Source material -
»»

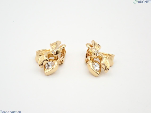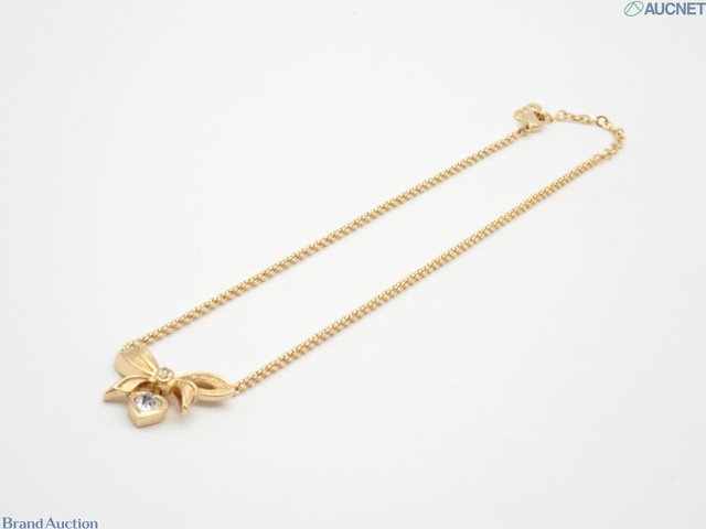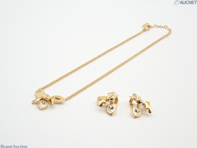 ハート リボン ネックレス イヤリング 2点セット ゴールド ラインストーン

««
»»

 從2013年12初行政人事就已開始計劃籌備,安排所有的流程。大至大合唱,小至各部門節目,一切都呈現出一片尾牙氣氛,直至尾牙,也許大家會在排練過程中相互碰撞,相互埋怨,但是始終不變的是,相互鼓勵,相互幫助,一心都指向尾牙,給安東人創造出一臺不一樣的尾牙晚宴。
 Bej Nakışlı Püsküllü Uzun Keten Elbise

««
»»

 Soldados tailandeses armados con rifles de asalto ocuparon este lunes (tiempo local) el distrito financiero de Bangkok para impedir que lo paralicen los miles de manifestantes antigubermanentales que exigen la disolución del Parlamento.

««

Required action -
Look through the material above and print exactly the lines from the one containing "從2013年12初行政人事就" to the one containing "Bej Nakışlı Püsküllü Uzun Keten Elbise", both included, and nothing more.

Result -
 從2013年12初行政人事就已開始計劃籌備,安排所有的流程。大至大合唱,小至各部門節目,一切都呈現出一片尾牙氣氛,直至尾牙,也許大家會在排練過程中相互碰撞,相互埋怨,但是始終不變的是,相互鼓勵,相互幫助,一心都指向尾牙,給安東人創造出一臺不一樣的尾牙晚宴。
 Bej Nakışlı Püsküllü Uzun Keten Elbise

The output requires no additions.